我已经在 TensorFlow 中构建了一个 ResNet50 模型，目的是使用 ImageNet 库对犬种进行图像分类，并且我已经成功地训练了一个可以检测各种犬种的神经网络。

我现在想将狗的随机图像传递给我的模型，以便它输出它认为狗的品种是什么的输出。但是，当我运行这个函数 dog_breed_predictor("<file path to image>") 时，我在它尝试执行行 Resnet50_model.predict(bottleneck_feature) 时收到错误 expected global_average_pooling2d_1_input to have shape (1, 1, 2048) but got array with shape (7, 7, 2048) 并且我不知道如何解决这个问题.

这是代码。我已经提供了所有我认为与问题相关的内容。

import cv2
import matplotlib.pyplot as plt
import numpy as np
import tensorflow as tf

from keras.applications.resnet50 import ResNet50
from keras.preprocessing import image
from tqdm import tqdm

from sklearn.datasets import load_files
np_utils = tf.keras.utils

# define function to load train, test, and validation datasets
def load_dataset(path):
    data = load_files(path)
    dog_files = np.array(data['filenames'])
    dog_targets = np_utils.to_categorical(np.array(data['target']), 133)
    return dog_files, dog_targets

# load train, test, and validation datasets
train_files, train_targets = load_dataset('dogImages/dogImages/train')
valid_files, valid_targets = load_dataset('dogImages/dogImages/valid')
test_files, test_targets = load_dataset('dogImages/dogImages/test')

#define Resnet50 model
Resnet50_model = ResNet50(weights="imagenet")

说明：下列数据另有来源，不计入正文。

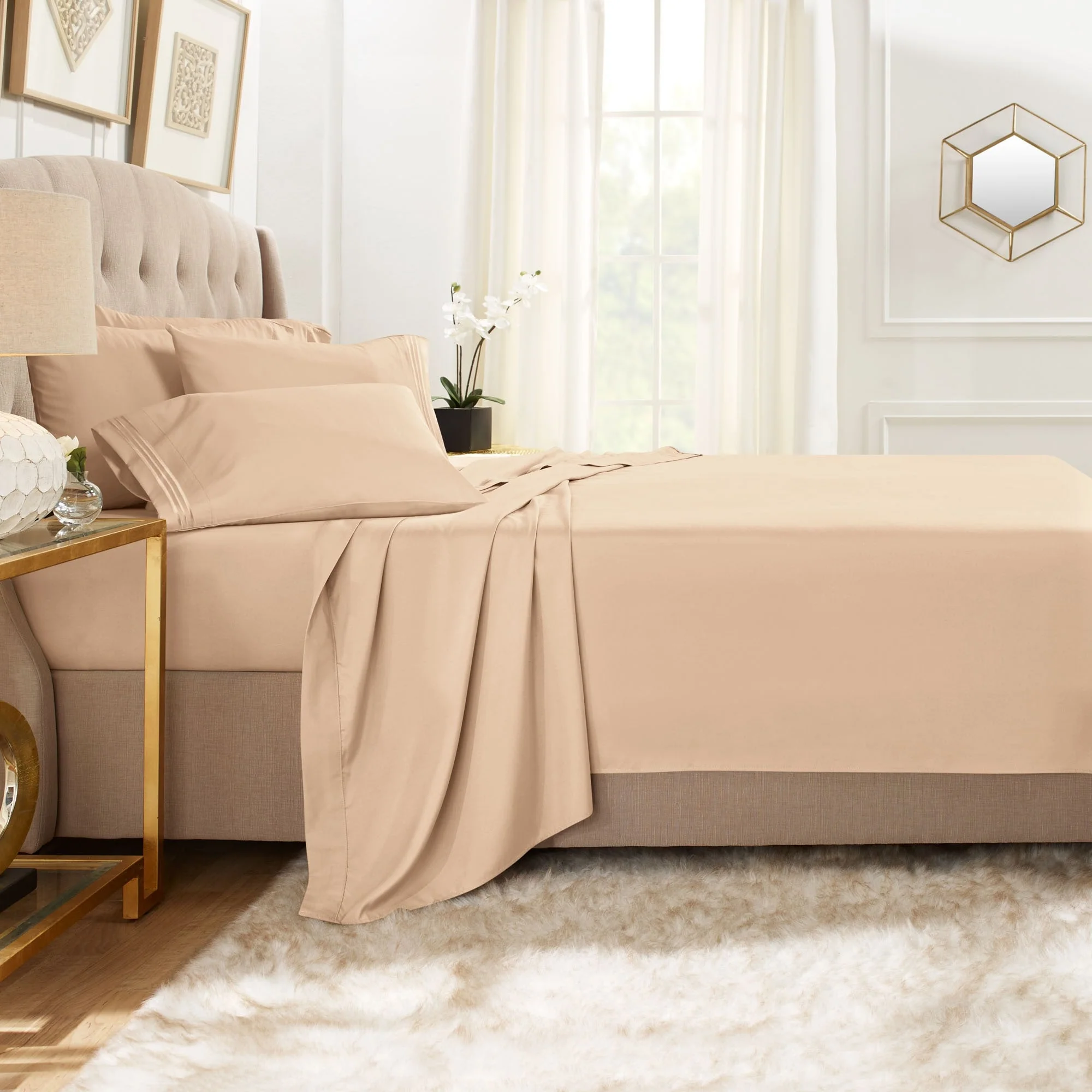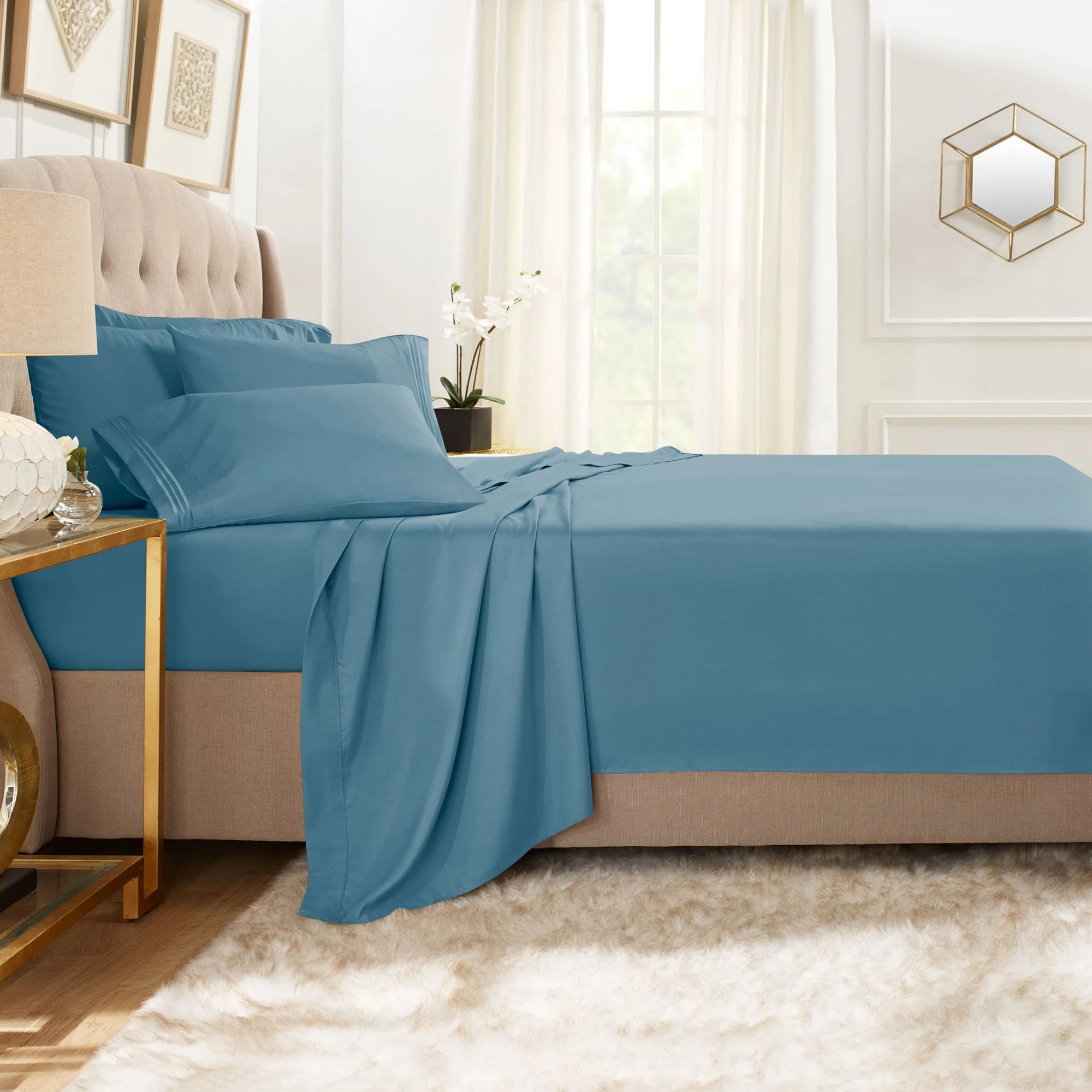- Queen Size 6 Piece Set – Includes: 1 flat sheet 102" x 90", 1 fitted sheet 80" x 60", and 4 pillowcases 20" x 30". Deep pocket fitted sheet for deep mattress 14" to 16", with an elastic all around the sheet.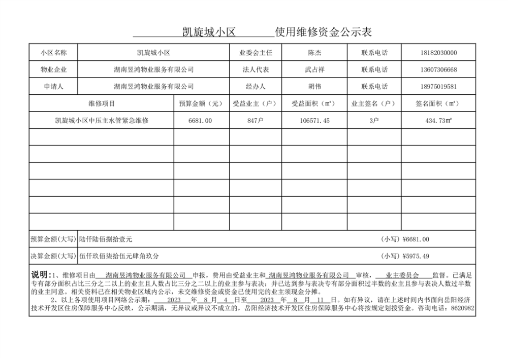 凯旋城小区主水管爆裂紧急维修资金网上公示表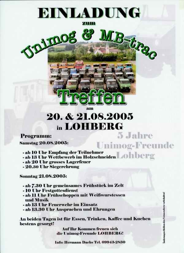 20. / 21. August 2005 3. UNIMOG & MB-Track-Treffen & 5 Jahre Unimogfreunde-Lohberg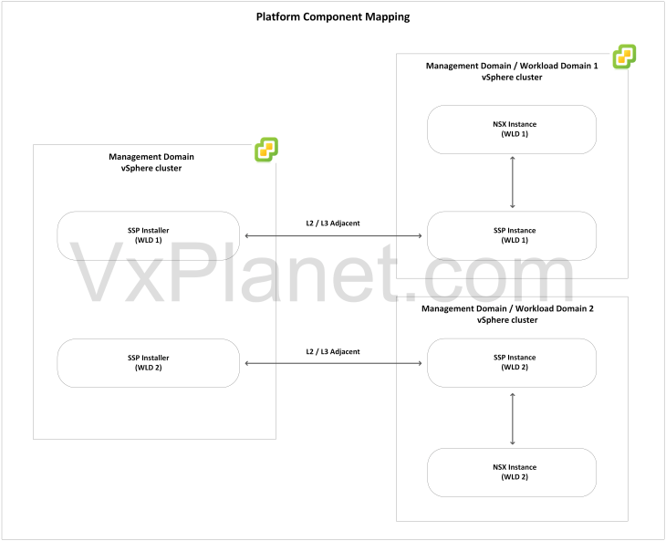 The below sketch shows the mapping between an SSP Installer, SSP instance and NSX manager.

def path_to_tensor(img_path):
    #loads RGB image as PIL.Image.Image type
    img = image.load_img(img_path, target_size=(224, 224))
    #convert PIL.Image.Image type to 3D tensor with shape (224, 224, 3)
    x = image.img_to_array(img)
    #convert 3D tensor into 4D tensor with shape (1, 224, 224, 3)
    return np.expand_dims(x, axis=0)

from keras.applications.resnet50 import preprocess_input, decode_predictions

def ResNet50_predict_labels(img_path):
    #returns prediction vector for image located at img_path
    img = preprocess_input(path_to_tensor(img_path))
    return np.argmax(Resnet50_model.predict(img))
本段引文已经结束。